# 75mm VW Center Caps



## user name unknown (Sep 2, 2001)

I need them. Where can I get them?
Danke


----------



## user name unknown (Sep 2, 2001)

*Re: 75mm VW Center Caps (user name unknown)*

75mm = 2.95 inches = ~3 inches


----------



## Slipstream (Feb 8, 2002)

*Re: 75mm VW Center Caps (user name unknown)*

Toureg maybe? I think the stock MKVs are only like 66mm.


----------



## corradodonato (Jan 22, 2006)

*Re: 75mm VW Center Caps (Slipstream)*

Maybe look at those audi A8 wheels. Iv seen people run the large VW caps on them


----------



## user name unknown (Sep 2, 2001)

*Re: 75mm VW Center Caps (corradodonato)*


_Quote, originally posted by *corradodonato* »_Maybe look at those audi A8 wheels. Iv seen people run the large VW caps on them

Does anyone know what size center caps go on the A8 wheels?


----------



## Couch Gentleman (Jan 14, 2006)

*Re: 75mm VW Center Caps (user name unknown)*

I've been finding either 60 or 68mm.


_Modified by Couch Gentleman at 9:49 AM 5-11-2007_


----------



## user name unknown (Sep 2, 2001)

*Re: 75mm VW Center Caps (Couch Gentleman)*

Looks like I may need to do a custom job.....


----------



## Couch Gentleman (Jan 14, 2006)

*Re: 75mm VW Center Caps (user name unknown)*

75mm Benz caps were the only thing I found. Ha.


----------



## user name unknown (Sep 2, 2001)

*Re: 75mm VW Center Caps (Couch Gentleman)*


_Quote, originally posted by *Couch Gentleman* »_75mm Benz caps were the only thing I found. Ha.









yeah, you got that right


----------



## asuckiel (Mar 3, 2006)

*Re: 75mm VW Center Caps (user name unknown)*


_Quote, originally posted by *user name unknown* »_Looks like I may need to do a custom job.....
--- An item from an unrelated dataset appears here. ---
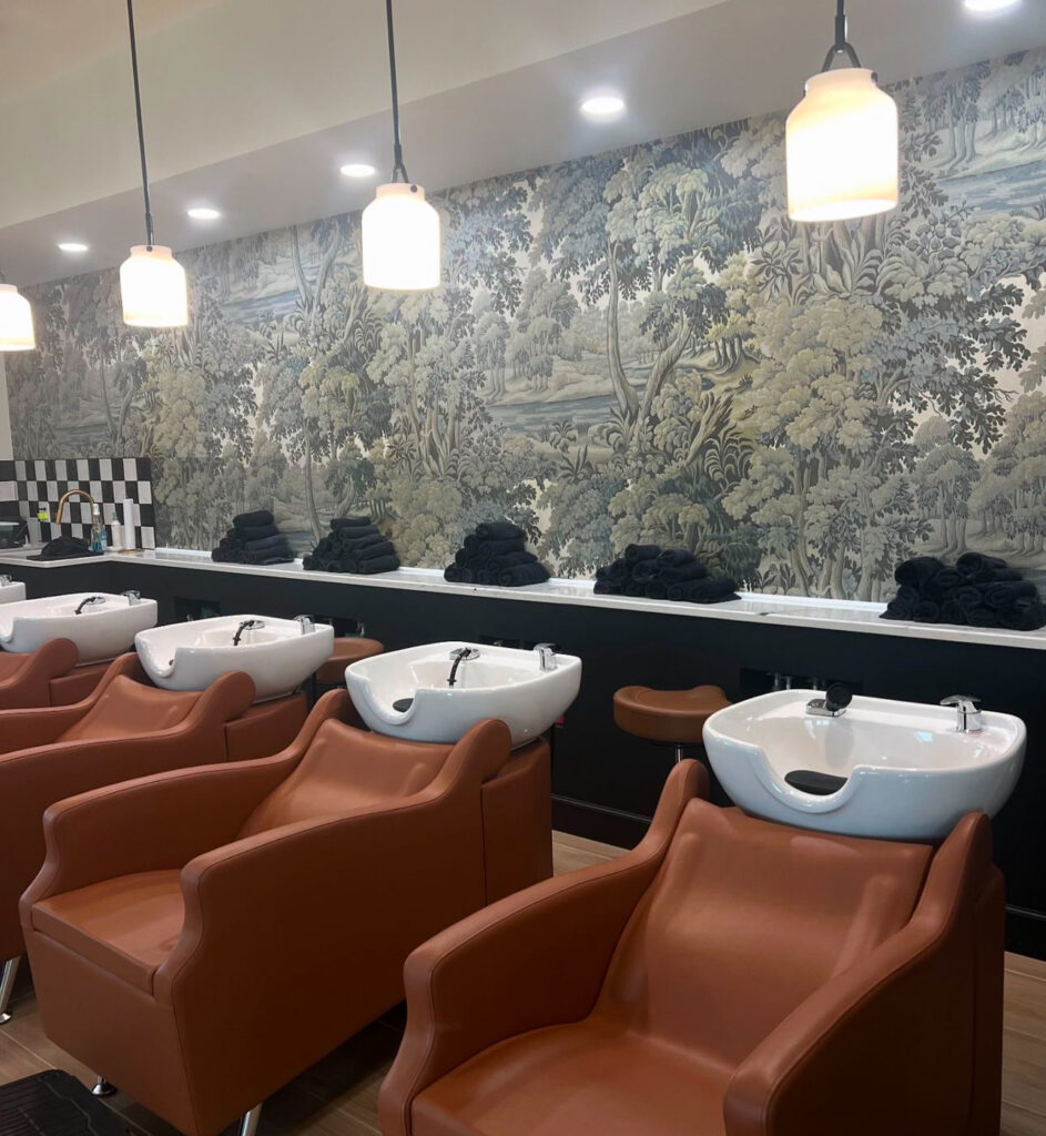 The shampoo area at Gold Dust Hair Studio is both relaxing and functional. With beautiful wallpaper and strategically placed lighting, it creates a serene environment. A hidden gem in this area is a depiction of Mother Nature, reflecting the salon’s connection to the surrounding natural beauty.

Everything you do is one off. What makes this any different.


----------



## Couch Gentleman (Jan 14, 2006)

*Re: 75mm VW Center Caps (asuckiel)*

Custom 75mm caps with a variation of the eagle design? Or that new design i've been seeing.


----------



## user name unknown (Sep 2, 2001)

*Re: 75mm VW Center Caps (Couch Gentleman)*


_Quote, originally posted by *Couch Gentleman* »_Custom 75mm caps with a variation of the eagle design? Or that new design i've been seeing.









WOW, you are the first one to guess something that I was going to do.
I was driving to lunch today and was thinking about how I was going to get the ****







logo off of the center caps. Then I was thinking about where I was going to go get the decals made for the center caps.
I will now be using this design on the center caps...(minus the URL)


----------



## FthElemnt (Mar 21, 2003)

why would you want to put vw center caps on mercedes wheels? just curious.


----------



## user name unknown (Sep 2, 2001)

*Re: (FthElemnt)*


_Quote, originally posted by *FthElemnt* »_why would you want to put vw center caps on mercedes wheels? just curious.

I just need a flat 75mm center cap. I wasn't planning on keeping the VW logo visible. I know any VW center cap would be flat. The idea was to put the eagle on there, but someone already guessed what I was going to do. So, I changed the logo.


----------



## Irish_Dubber (Dec 30, 2005)

*Re: (user name unknown)*

what's all this talk about mercedes wheels....what happen to the custom 15" pink fliks....


----------



## user name unknown (Sep 2, 2001)

*Re: (Irish_Dubber)*


_Quote, originally posted by *Irish_Dubber* »_what's all this talk about mercedes wheels....what happen to the custom 15" pink fliks....
















that is a totally different project


----------



## Irish_Dubber (Dec 30, 2005)

*Re: (user name unknown)*


_Quote, originally posted by *user name unknown* »_
that is a totally different project









still thinking 15x12 et5mm all the way around.....they should fit good......


----------



## user name unknown (Sep 2, 2001)

*Re: (Irish_Dubber)*


_Quote, originally posted by *Irish_Dubber* »_
still thinking 15x12 et5mm all the way around.....they should fit good......

they would need to be a very low offset. like ET - (-203)
and yeah, i just did the measurements...


----------



## Couch Gentleman (Jan 14, 2006)

*Re: (Irish_Dubber)*

Whoops...sorry...kinda.

But I would have to say that, I think I would prefer the skull you chose over the other designs. The skull goes better with the theme of your car. Sick idea! http://****************.com/smile/emthup.gif


----------



## user name unknown (Sep 2, 2001)

*Re: (Couch Gentleman)*


_Quote, originally posted by *Couch Gentleman* »_Whoops...sorry...kinda.

But I would have to say that, I think I would prefer the skull you chose over the other designs. The skull goes better with the theme of your car.

the skull is v2.##
the eagle is v1


----------



## Irish_Dubber (Dec 30, 2005)

*Re: (user name unknown)*

darth vader's head would be better......but not really.


----------